» Instructions for the task: Every line from the one with "Privacy Shield Privacy" up to and including the one with "Photo of four" is to be output exactly as it appears below; pictures are not.

++++ Input records ++++

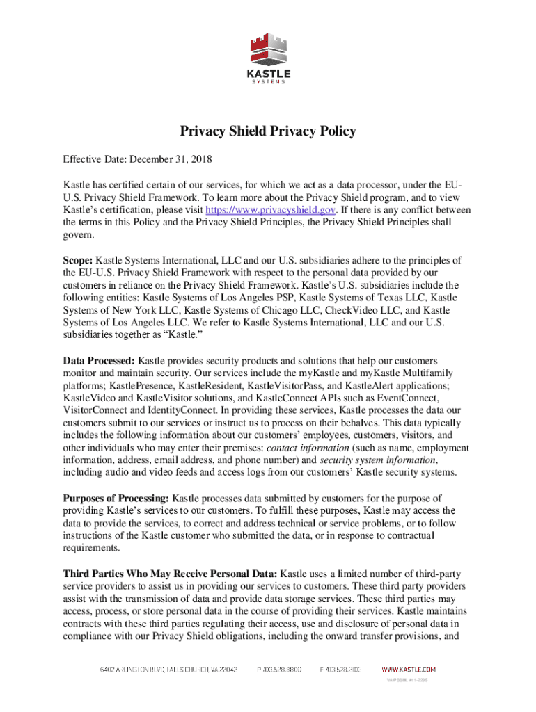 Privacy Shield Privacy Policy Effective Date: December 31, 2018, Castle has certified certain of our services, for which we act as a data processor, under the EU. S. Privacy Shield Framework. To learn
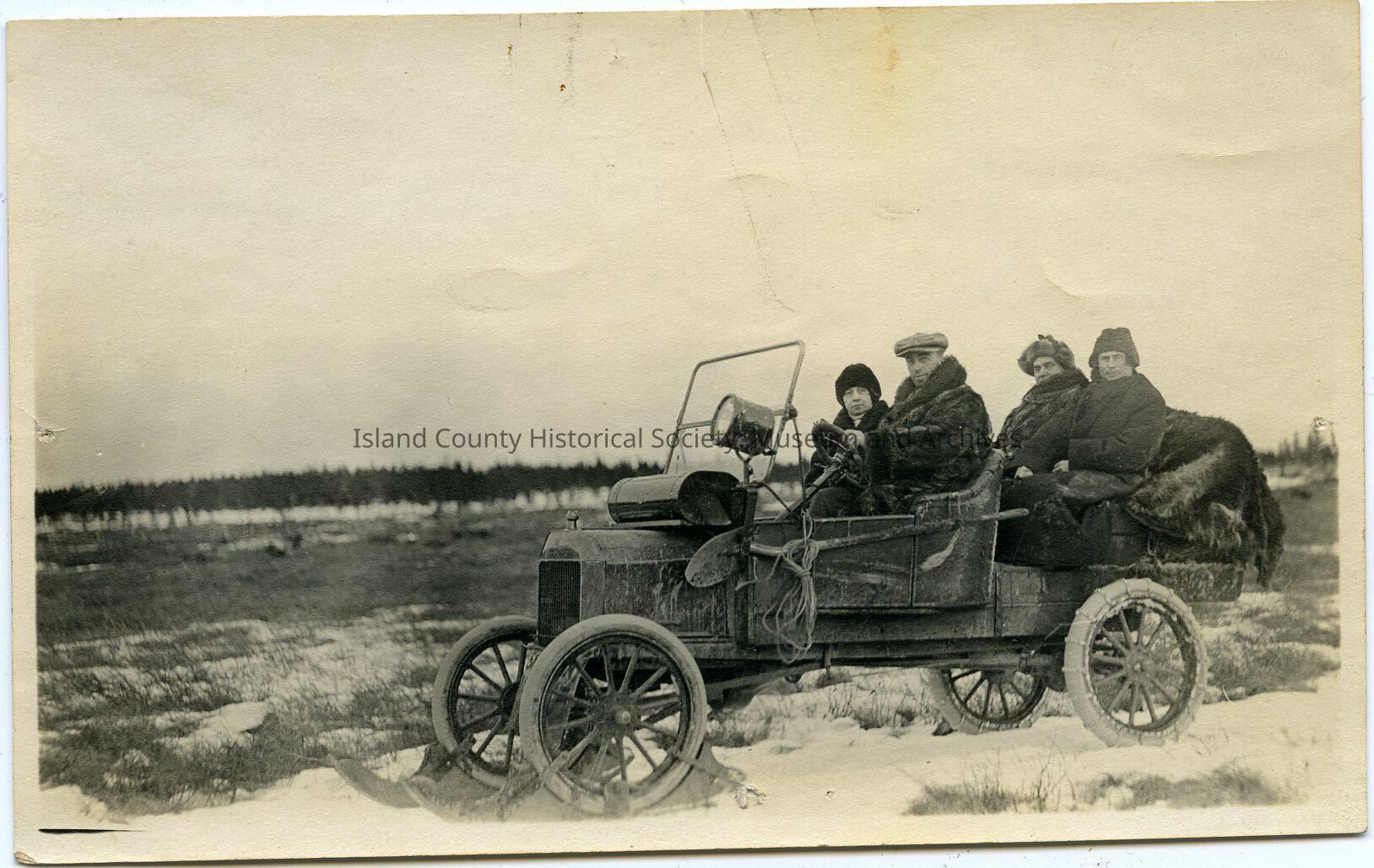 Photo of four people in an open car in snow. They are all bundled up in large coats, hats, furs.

++++
++++ Input records ++++

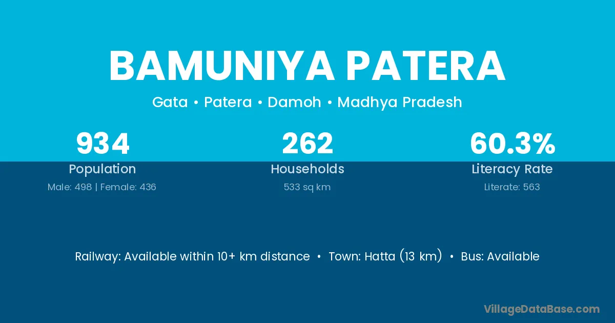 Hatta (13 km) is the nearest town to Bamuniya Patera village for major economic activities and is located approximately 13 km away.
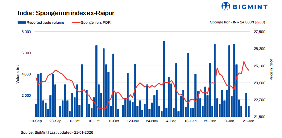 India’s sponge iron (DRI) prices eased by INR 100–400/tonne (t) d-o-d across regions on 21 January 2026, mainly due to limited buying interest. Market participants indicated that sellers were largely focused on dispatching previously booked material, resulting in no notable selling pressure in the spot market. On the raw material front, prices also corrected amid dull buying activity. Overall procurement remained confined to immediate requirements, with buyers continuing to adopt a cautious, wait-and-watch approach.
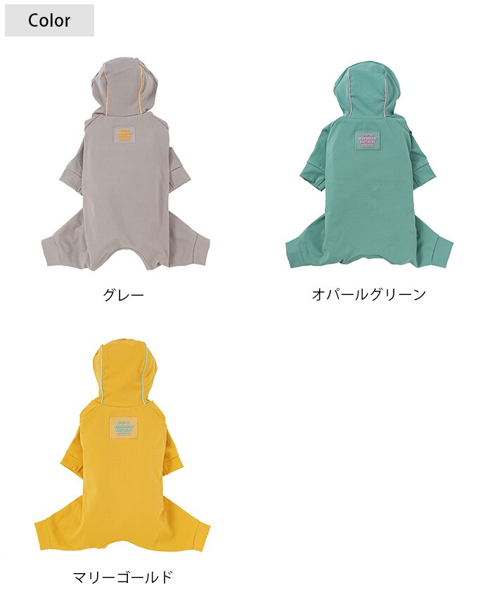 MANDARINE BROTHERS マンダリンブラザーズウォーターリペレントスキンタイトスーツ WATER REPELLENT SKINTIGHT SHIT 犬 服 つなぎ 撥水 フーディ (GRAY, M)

++++

» Answer box:
 Privacy Shield Privacy Policy Effective Date: December 31, 2018, Castle has certified certain of our services, for which we act as a data processor, under the EU. S. Privacy Shield Framework. To learn
 Photo of four people in an open car in snow. They are all bundled up in large coats, hats, furs.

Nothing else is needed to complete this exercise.